* _DATA FOR THE TASK_:
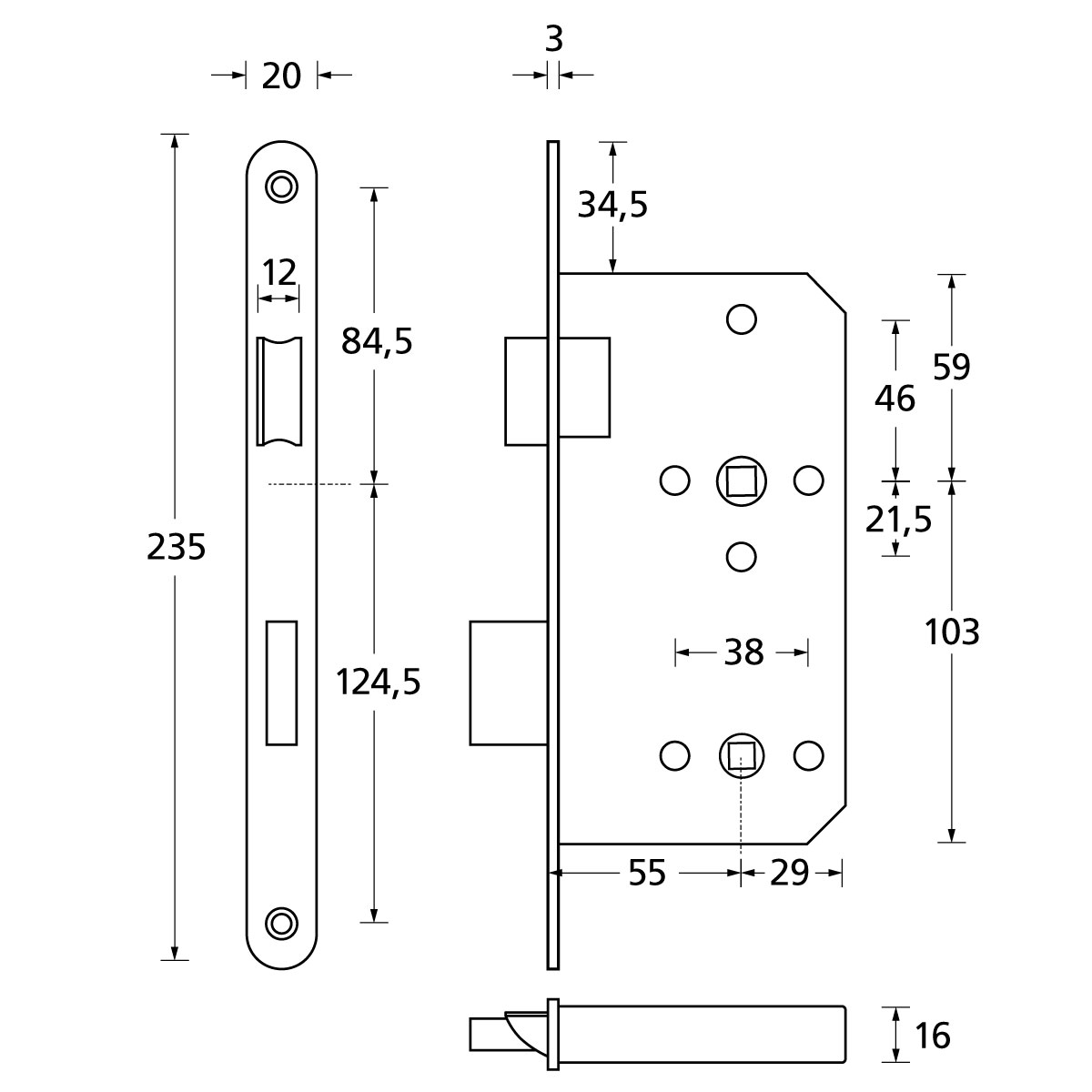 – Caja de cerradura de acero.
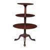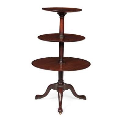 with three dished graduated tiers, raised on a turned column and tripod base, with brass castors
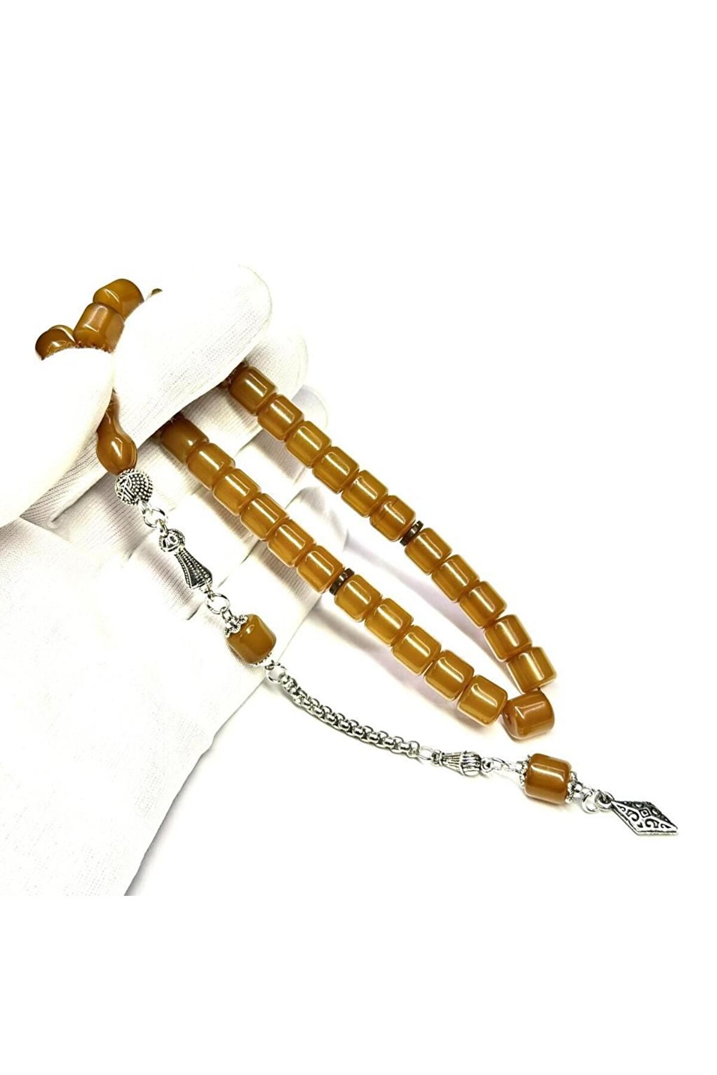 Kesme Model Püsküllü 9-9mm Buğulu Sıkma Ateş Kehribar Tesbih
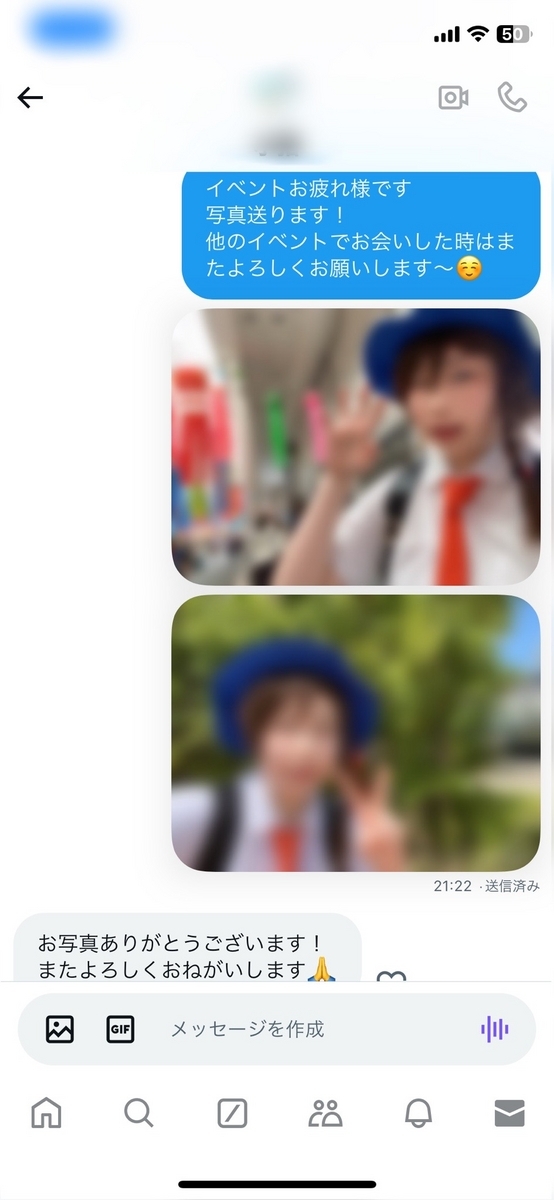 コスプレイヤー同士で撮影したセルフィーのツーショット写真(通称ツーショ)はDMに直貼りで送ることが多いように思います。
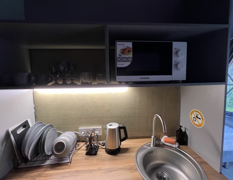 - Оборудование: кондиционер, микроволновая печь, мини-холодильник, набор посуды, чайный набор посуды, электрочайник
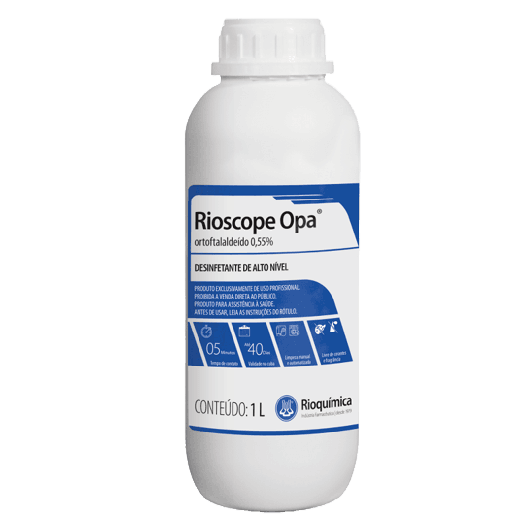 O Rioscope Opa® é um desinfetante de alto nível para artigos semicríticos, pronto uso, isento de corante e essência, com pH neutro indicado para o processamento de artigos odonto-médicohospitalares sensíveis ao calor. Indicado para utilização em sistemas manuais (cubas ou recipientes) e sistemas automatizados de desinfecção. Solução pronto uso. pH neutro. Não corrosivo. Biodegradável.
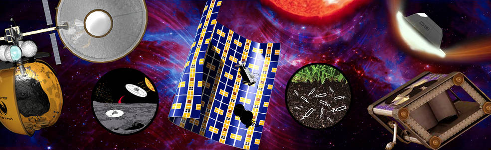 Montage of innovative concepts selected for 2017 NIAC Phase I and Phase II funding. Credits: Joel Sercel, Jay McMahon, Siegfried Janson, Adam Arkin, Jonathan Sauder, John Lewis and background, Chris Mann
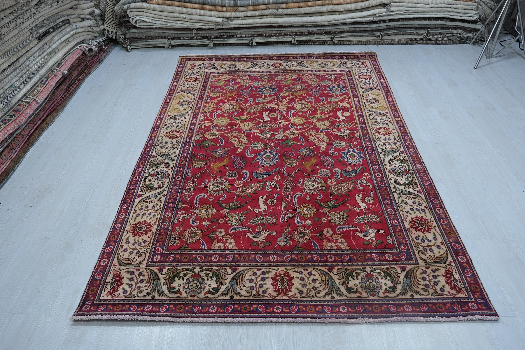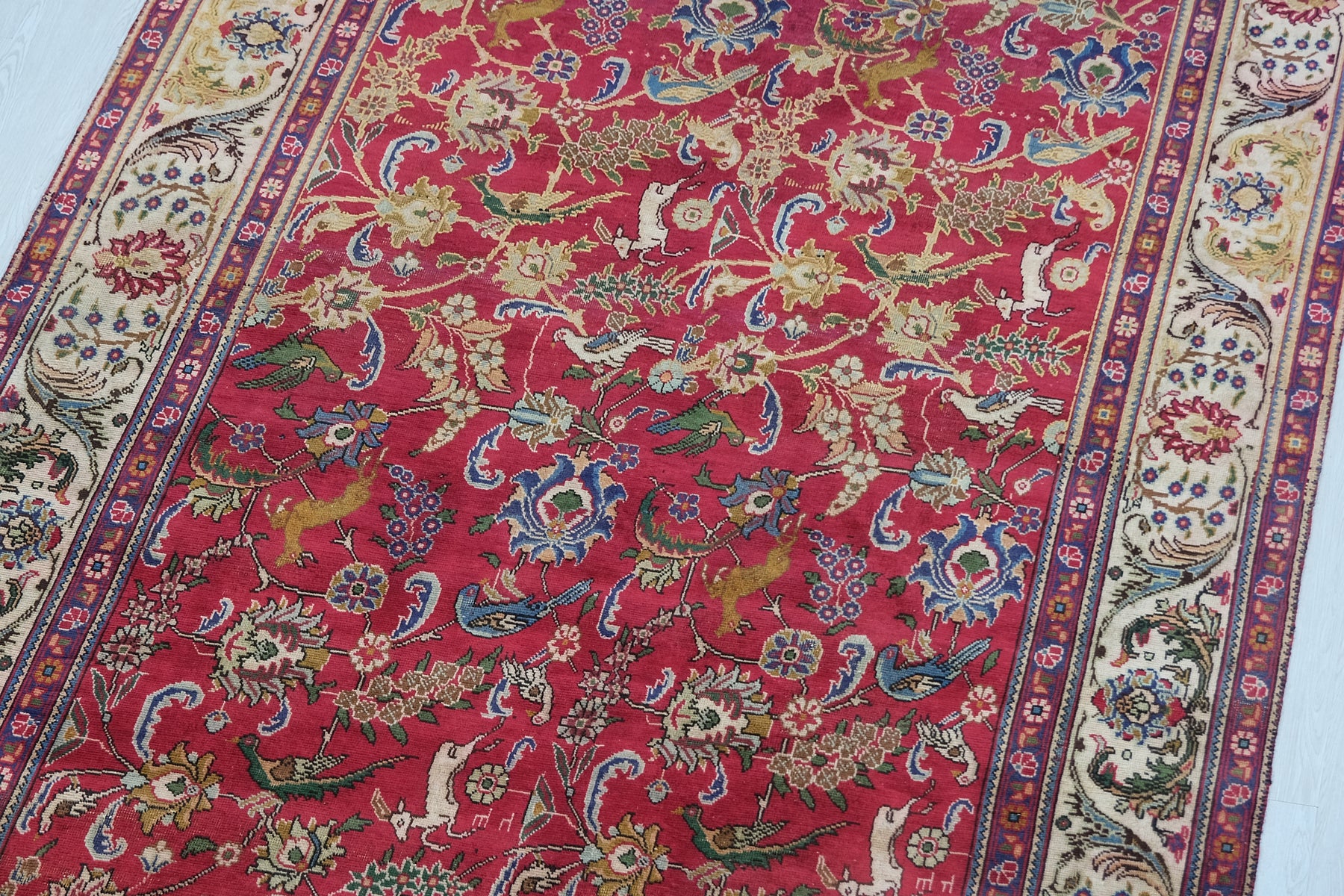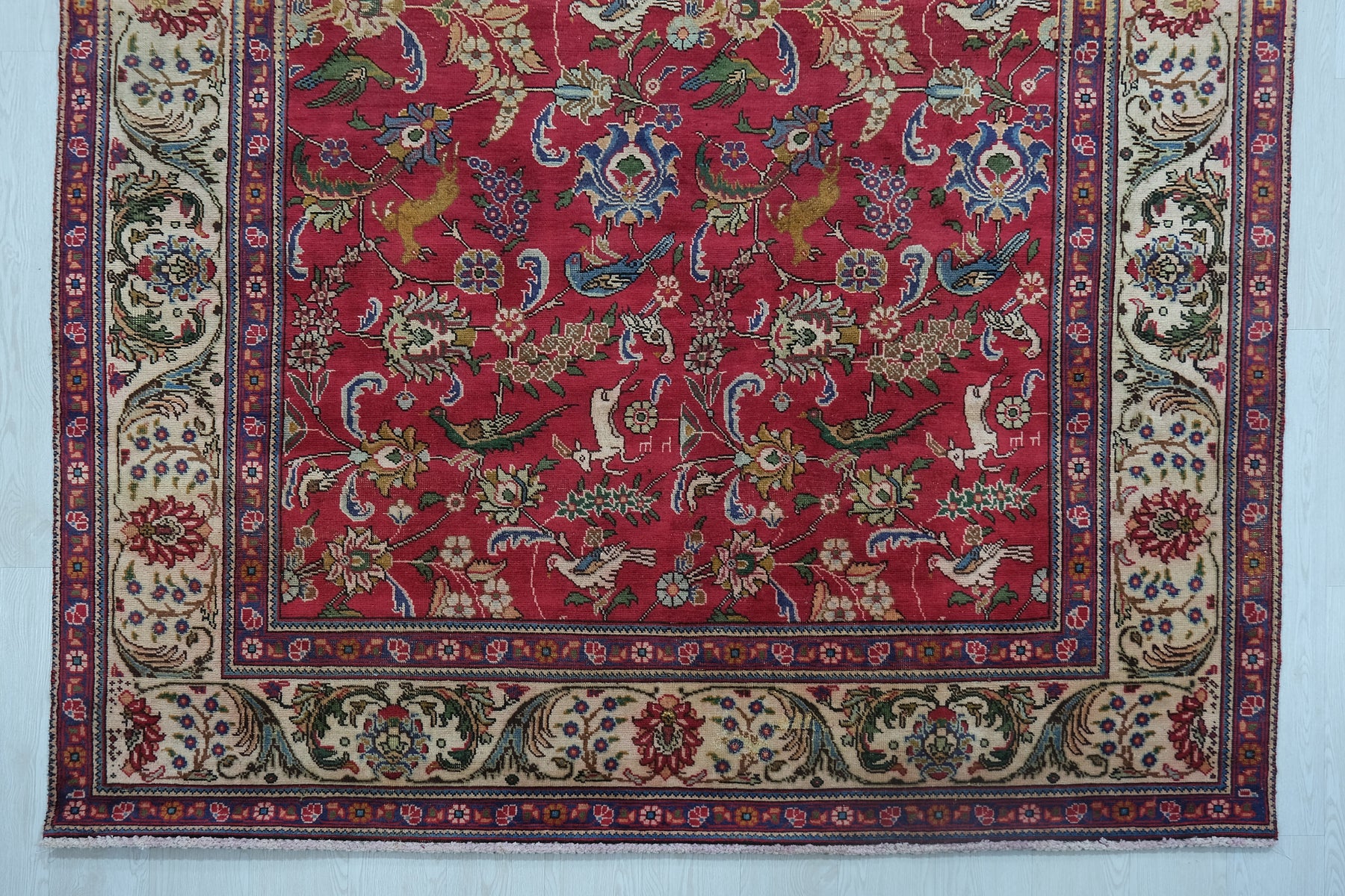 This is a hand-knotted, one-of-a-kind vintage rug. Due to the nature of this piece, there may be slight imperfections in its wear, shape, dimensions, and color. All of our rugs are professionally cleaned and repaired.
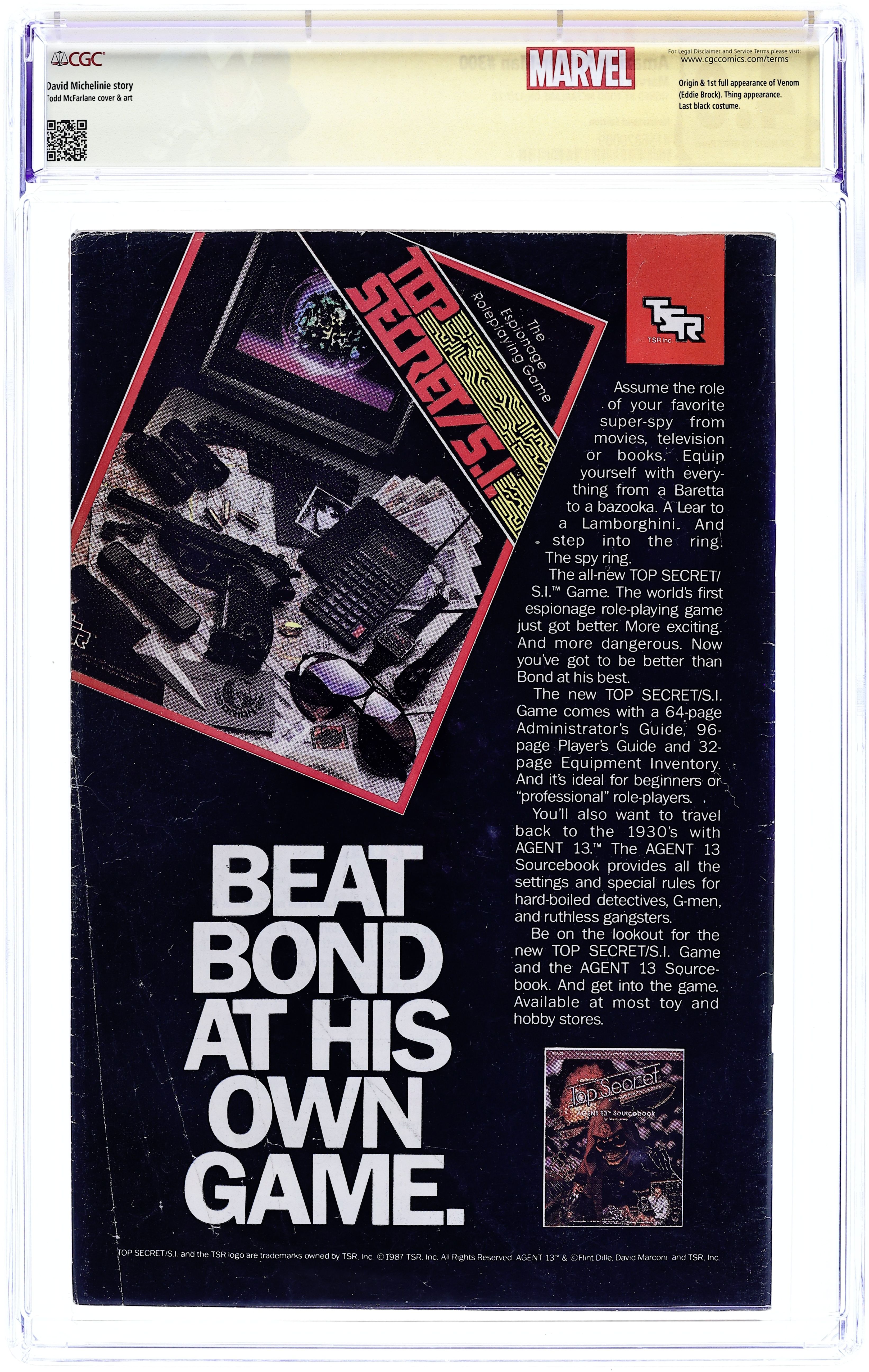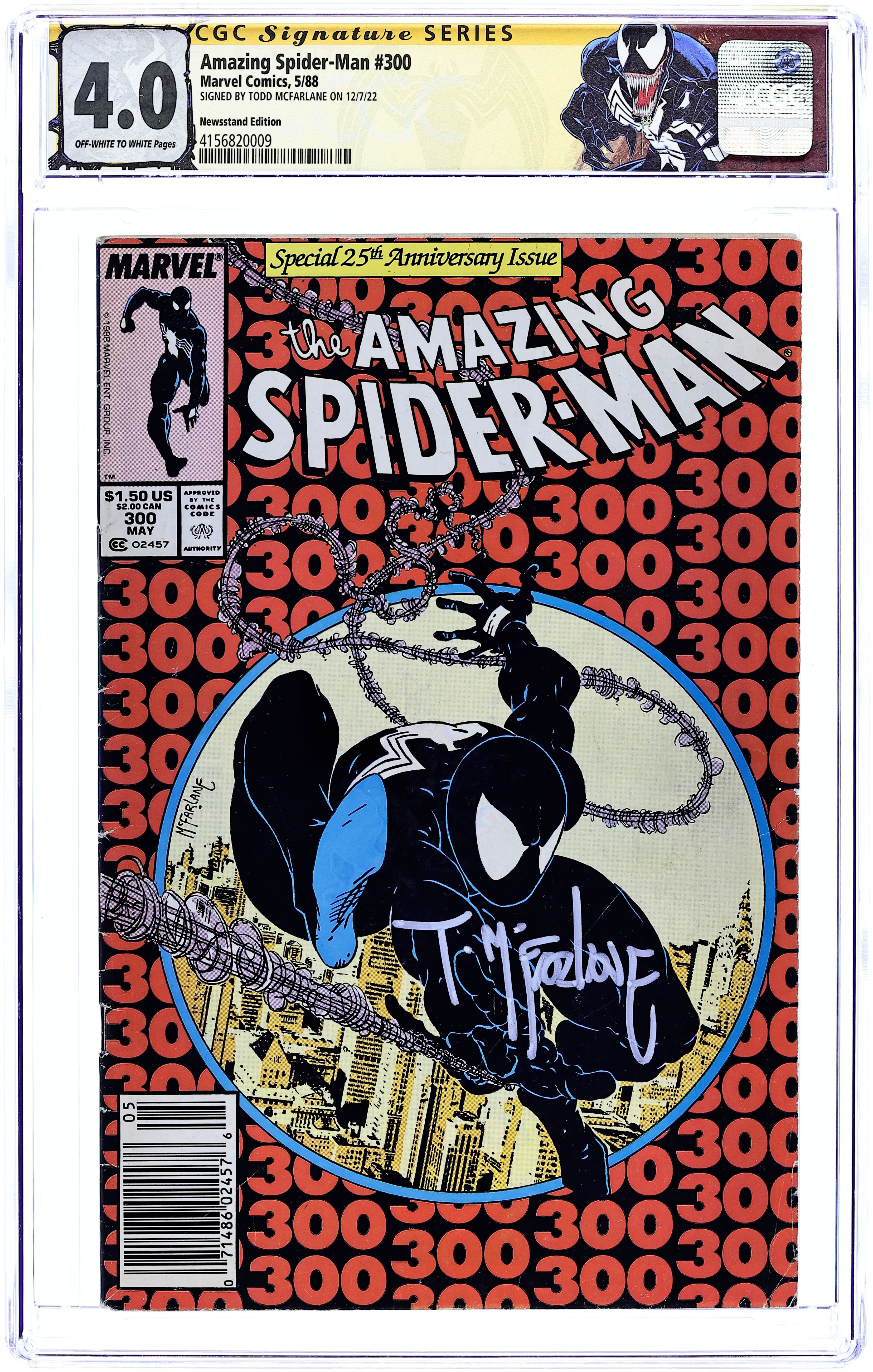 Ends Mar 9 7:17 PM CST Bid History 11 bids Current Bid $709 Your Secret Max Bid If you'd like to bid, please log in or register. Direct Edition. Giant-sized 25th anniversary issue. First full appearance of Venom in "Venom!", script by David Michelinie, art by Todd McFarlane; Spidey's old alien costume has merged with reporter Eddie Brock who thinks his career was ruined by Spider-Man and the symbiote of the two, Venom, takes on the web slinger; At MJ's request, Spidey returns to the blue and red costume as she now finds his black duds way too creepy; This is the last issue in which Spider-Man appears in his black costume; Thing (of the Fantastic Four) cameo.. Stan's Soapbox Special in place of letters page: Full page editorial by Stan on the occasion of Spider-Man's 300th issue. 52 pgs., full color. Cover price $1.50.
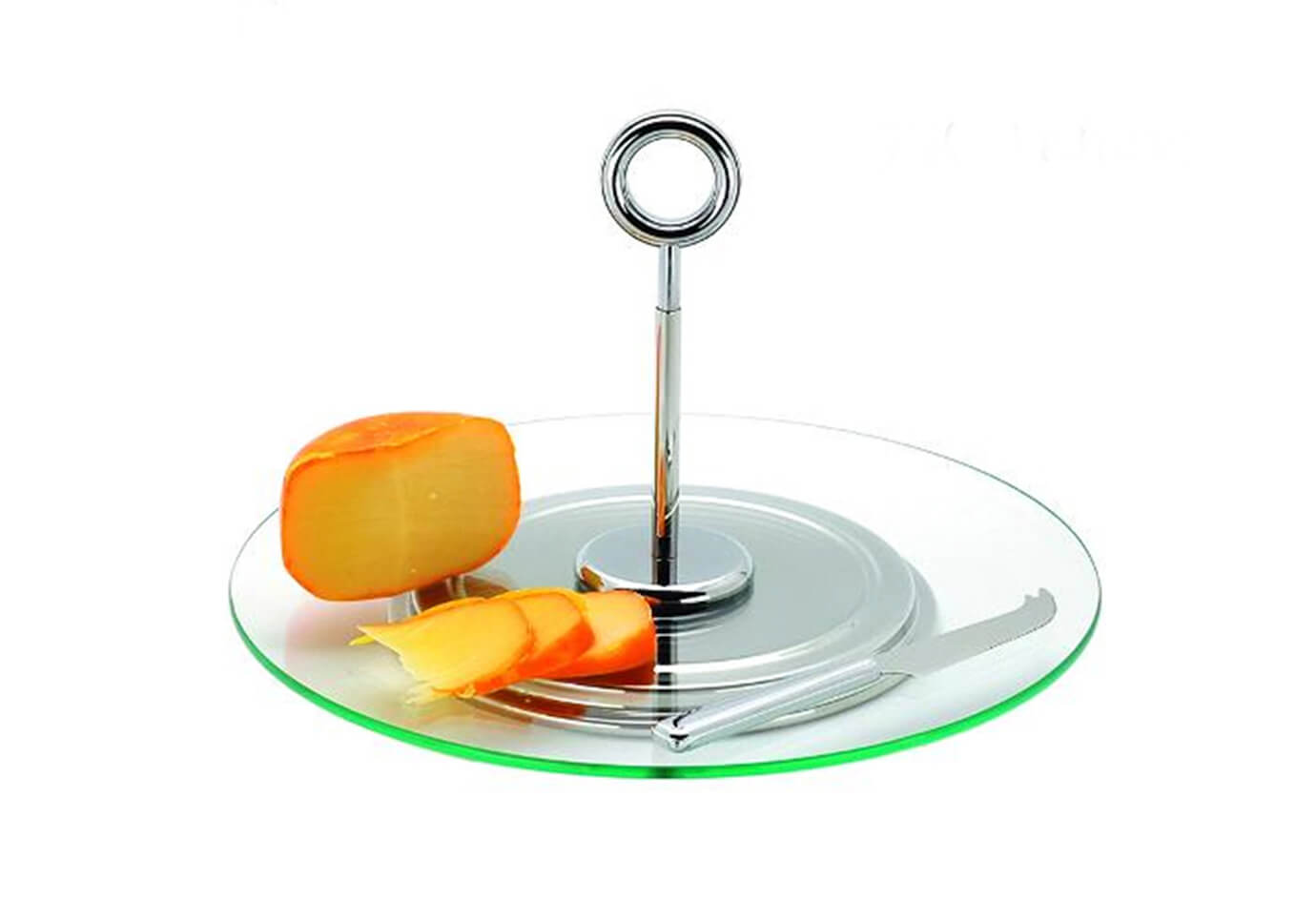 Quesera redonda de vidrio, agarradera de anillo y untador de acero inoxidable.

* _WORK ITEM_:
The reply should consist of the listing restated word for word, with its pictures removed.

* _OUTPUT FOR THIS EXERCISE_:
 – Caja de cerradura de acero.
 with three dished graduated tiers, raised on a turned column and tripod base, with brass castors
 Kesme Model Püsküllü 9-9mm Buğulu Sıkma Ateş Kehribar Tesbih
 コスプレイヤー同士で撮影したセルフィーのツーショット写真(通称ツーショ)はDMに直貼りで送ることが多いように思います。
 - Оборудование: кондиционер, микроволновая печь, мини-холодильник, набор посуды, чайный набор посуды, электрочайник
 O Rioscope Opa® é um desinfetante de alto nível para artigos semicríticos, pronto uso, isento de corante e essência, com pH neutro indicado para o processamento de artigos odonto-médicohospitalares sensíveis ao calor. Indicado para utilização em sistemas manuais (cubas ou recipientes) e sistemas automatizados de desinfecção. Solução pronto uso. pH neutro. Não corrosivo. Biodegradável.
 Montage of innovative concepts selected for 2017 NIAC Phase I and Phase II funding. Credits: Joel Sercel, Jay McMahon, Siegfried Janson, Adam Arkin, Jonathan Sauder, John Lewis and background, Chris Mann
 This is a hand-knotted, one-of-a-kind vintage rug. Due to the nature of this piece, there may be slight imperfections in its wear, shape, dimensions, and color. All of our rugs are professionally cleaned and repaired.
 Ends Mar 9 7:17 PM CST Bid History 11 bids Current Bid $709 Your Secret Max Bid If you'd like to bid, please log in or register. Direct Edition. Giant-sized 25th anniversary issue. First full appearance of Venom in "Venom!", script by David Michelinie, art by Todd McFarlane; Spidey's old alien costume has merged with reporter Eddie Brock who thinks his career was ruined by Spider-Man and the symbiote of the two, Venom, takes on the web slinger; At MJ's request, Spidey returns to the blue and red costume as she now finds his black duds way too creepy; This is the last issue in which Spider-Man appears in his black costume; Thing (of the Fantastic Four) cameo.. Stan's Soapbox Special in place of letters page: Full page editorial by Stan on the occasion of Spider-Man's 300th issue. 52 pgs., full color. Cover price $1.50.
 Quesera redonda de vidrio, agarradera de anillo y untador de acero inoxidable.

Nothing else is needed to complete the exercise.